Email Request and Commitment Dataset

This site contains information and resources related to Andrew Lampert's email text segmentation and classification research.


Zebra
Email Image by m-c, licensed under Creative Commons

Annotated Email Dataset

Our dataset consists of text spans annotated in 1000 email messages drawn at random from the Enron email corpus. We use the database dump of the Enron corpus (219Mb) released by Andrew Fiore and Jeff Heer. This version of the corpus has been processed to remove duplicate messages and to normalise sender and recipient names, resulting in just over 250,000 email messages. No attachments are included. Our annotations are made by a single annotator.
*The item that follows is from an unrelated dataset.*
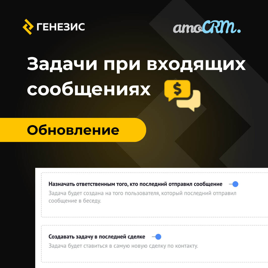 ✔️ Автоматизация — задачи создаются сами при новом сообщении.

You can download our dataset by filling out the dataset request form.

Dataset Structure

Our annotated dataset is available as a set of database tables that link back to the message data in the Fiore and Heer dataset. Our annotated dataset includes the following tables:

Annotationspans

This table contains the span annotations for the email text. It includes the following fields:
id
A unique id for each annotation record
messageid
The id of the message from which this annotated line is extracted
startoffset
The character offset from the beginning of the message body text at which the marked span begins.
endoffset
The character offset from the beginning of the message body text at which the marked span ends.
userid
The id of the annotator. In this , all annotations are made by two different annotators (userid=1 and 9).
datetime
Timestamp of when the annotation was recorded.
annvalue
The zone annotation, encoded as an integer. The label corresponding to the annotation value can be found in the spantypes table.
selectedtext
The text of the span that was highlighted and marked by the annotator.

Spantypes

This table contains the labels for each of the request and commitment categories that are applied to the highlighted email spans. It includes the following fields:
id
A unique id for each annotation type. These ids are the values stored in the annvalue field in the annotationspans table.
name
The name of each annotation type (e.g., Request Only, Request and Commitment, Phatic Commitment).

Bodies, Headers, Messages, People, Recipients

These tables contains the body text, recipient and other header information related to the annotated messages. Note that these tables are not included in our annotated dataset, but may be obtained from the Fiore and Heer version of the Enron corpus.

Creative Commons LicenseOur annotated data is licensed under a Creative Commons Attribution-Noncommercial 2.0 Generic License.


If you make use of any of these resources, please cite one of the following papers:

Andrew Lampert, Robert Dale and Cécile Paris (2010) - Detecting emails containing requests for action, In Proceedings of Human Language Technologies: The 2010 Annual Conference of the North American Chapter of the Association for Computational Linguistics Processing (HLT/NAACL 2010), pp. 984-992, Los Angeles, USA.
Andrew Lampert, Robert Dale and Cécile Paris (2008) - Requests and Commitments in Email are More Complex Than You Think: Eight Reasons to be Cautious, In Proceedings of Australasian Language Technology Association Workshop, pp. 64-72. Hobart, Australia.
Andrew Lampert, Robert Dale and Cécile Paris (2008) - The Nature of Requests and Commitments in Email Messages, In Proceedings of EMAIL-08: the AAAI Workshop on Enhanced Messaging, pp. 42-47, Chicago, USA.